It seems that rsync try to do chown
action, but it is failed.
DP-GEN Version
0.11.1.dev51+gbea559b
Platform, Python Version, Remote Platform, etc
Platform: bohrium
Python: 3.8.8
Remote Platform: Sugon
Input Files, Running Commands, Error Log, etc.
dpgen.zip
Need an extra Sugon secret file named as "sugon".
command: dpgen init_bulk init.json machine.json
Steps to Reproduce
- download the secret file of sugon, and name as "sugon"
- modify the fp in machine.json
- submit the job: dpgen init_bulk init.json machine.json
Further Information, Files, and Links
No response
It's not related to the remote machine, but it seems you didn't have the access to chown on the local machine.

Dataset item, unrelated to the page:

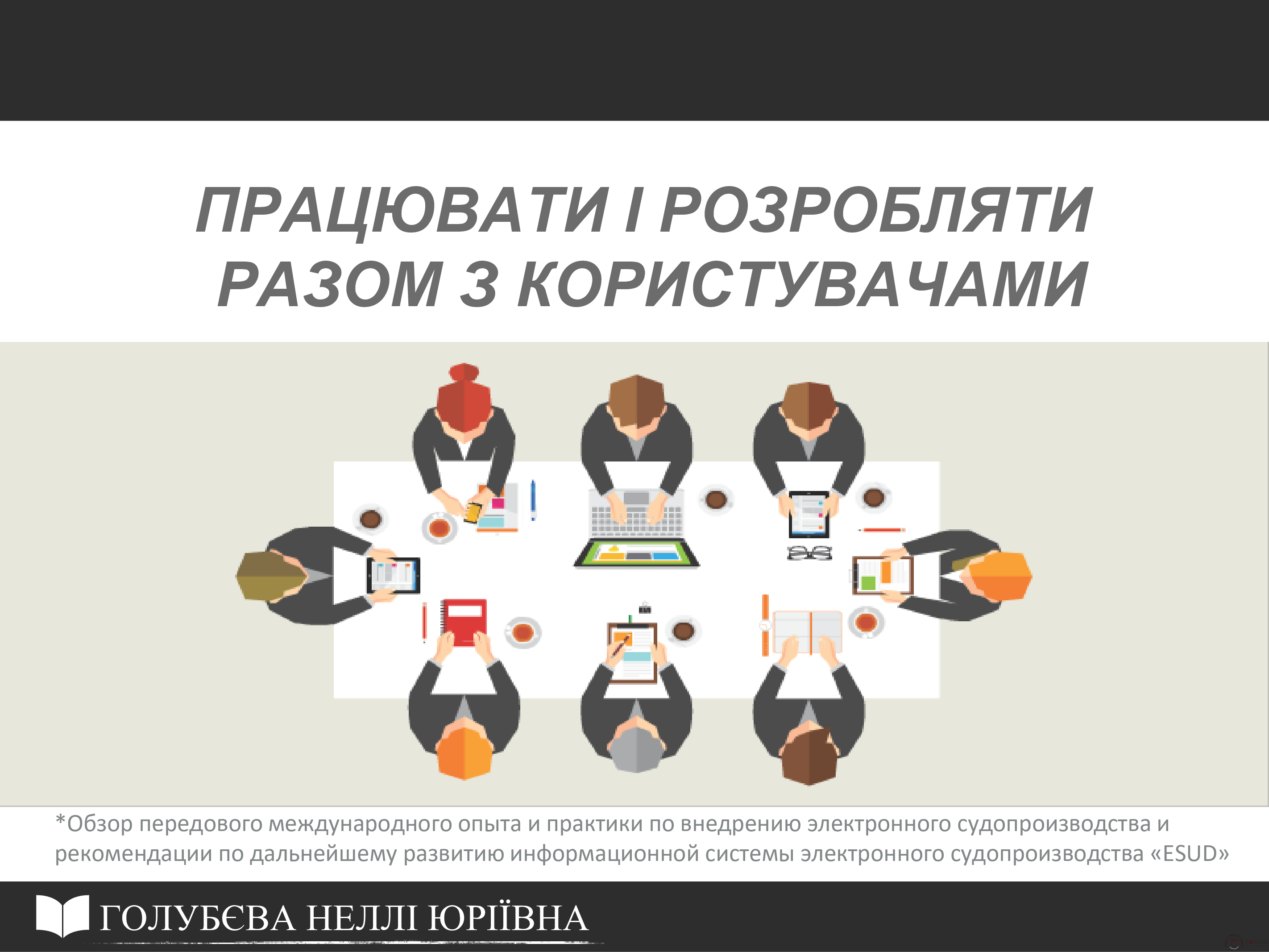 Моя задача, в качестве эксперта, виделась мне в необходимости изложить для судей, которые принимали участия в тренингах, понятие «электронного суда», основных его опций, состояние внедрения в разных странах и перспективное тогда украинское законодательство (проекты изменений к процессуальным кодексам еще не были приняты, только обсуждались, а сама концепция внедрения «электронного суда» коренным образом изменилась со дня начала ее обсуждения).

Could you try to add --no-perms
flag to rsync
?
Could you try to add
--no-perms
flag torsync
?
I have try to add this flag, but it did not work:
^CTraceback (most recent call last):
File "/root/anaconda3/lib/python3.8/site-packages/dpdispatcher/submission.py", line 273, in try_download_result
self.download_jobs()
File "/root/anaconda3/lib/python3.8/site-packages/dpdispatcher/submission.py", line 501, in download_jobs
self.machine.context.download(self)
File "/root/anaconda3/lib/python3.8/site-packages/dpdispatcher/ssh_context.py", line 675, in download
self._get_files(
File "/root/anaconda3/lib/python3.8/site-packages/dpdispatcher/ssh_context.py", line 905, in _get_files
self.ssh_session.get(from_f, to_f)
File "/root/anaconda3/lib/python3.8/site-packages/dpdispatcher/ssh_context.py", line 376, in get
return rsync(
File "/root/anaconda3/lib/python3.8/site-packages/dpdispatcher/utils.py", line 137, in rsync
raise RuntimeError(f"Failed to run {cmd}: {err}")

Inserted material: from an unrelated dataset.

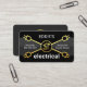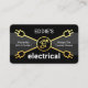 At its center point is a gold "letter-e home circuit" logo you can use. Your prestigious name is at the top with the business name "electrical" near the base of the card. Towards the left and right sides of the card are two slogan captions for you to publicize your services.

RuntimeError: Failed to run ['rsync', '-az', '--no-perms', '-e', 'ssh -o ConnectTimeout=10 -o BatchMode=yes -o StrictHostKeyChecking=no -p 65023 -q -i sugon', '-q', '[email protected]:/public/home/abacus/tmp/013b6a211b33560666b55f011a60f9771da63b60/013b6a211b33560666b55f011a60f9771da63b60.tar.gz', '/personal/test/init_and_run2/Al.STRU.02x01x01/00.place_ele/013b6a211b33560666b55f011a60f9771da63b60.tar.gz']: b'rsync: chown "/personal/test/init_and_run2/Al.STRU.02x01x01/00.place_ele/.013b6a211b33560666b55f011a60f9771da63b60.tar.gz.JIoelN" failed: Operation not permitted (1)\nrsync error: some files/attrs were not transferred (see previous errors) (code 23) at main.c(1677) [generator=3.1.3]\n'
This issue may relate to directory right of Bohrium "/personal". When I run this test on others path, it will work.
Try no-o
. I guess no-g
may also be required. Below is the explanation.

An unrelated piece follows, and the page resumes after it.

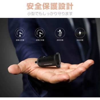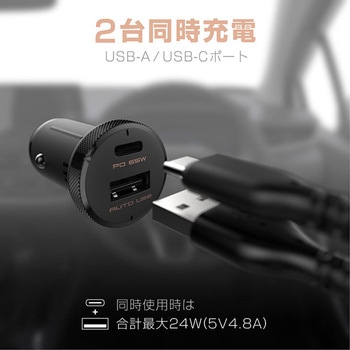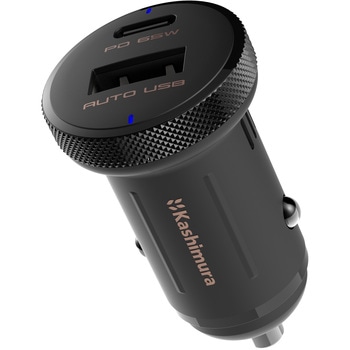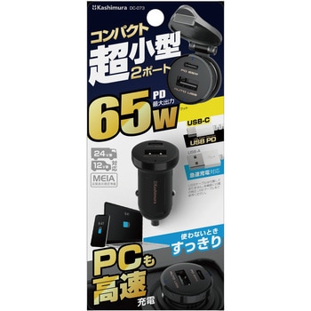 USB PD搭載のクルマ用ハイパワーUSB電源、最大出力65W対応。超コンパクト設計でDCソケットからの出っ張りが短い。USB-CはPDの高速充電に対応。USB PD充電のノートPCにも使える高出力タイプ。暗い状況でもUSBポートがわかる青色LEDランプを搭載。DC12V~24V対応。軽自動車から大型車まで使用可能。

-r, --recursive recurse into directories
-l, --links copy symlinks as symlinks
-p, --perms preserve permissions
-t, --times preserve modification times
-o, --owner preserve owner (super-user only)
-g, --group preserve group
-D same as --devices --specials
--devices preserve device files (super-user only)
--specials preserve special files
-a
is equivalent to -rltpgoD
I transfer the issue to dpdispatcher as it's more related.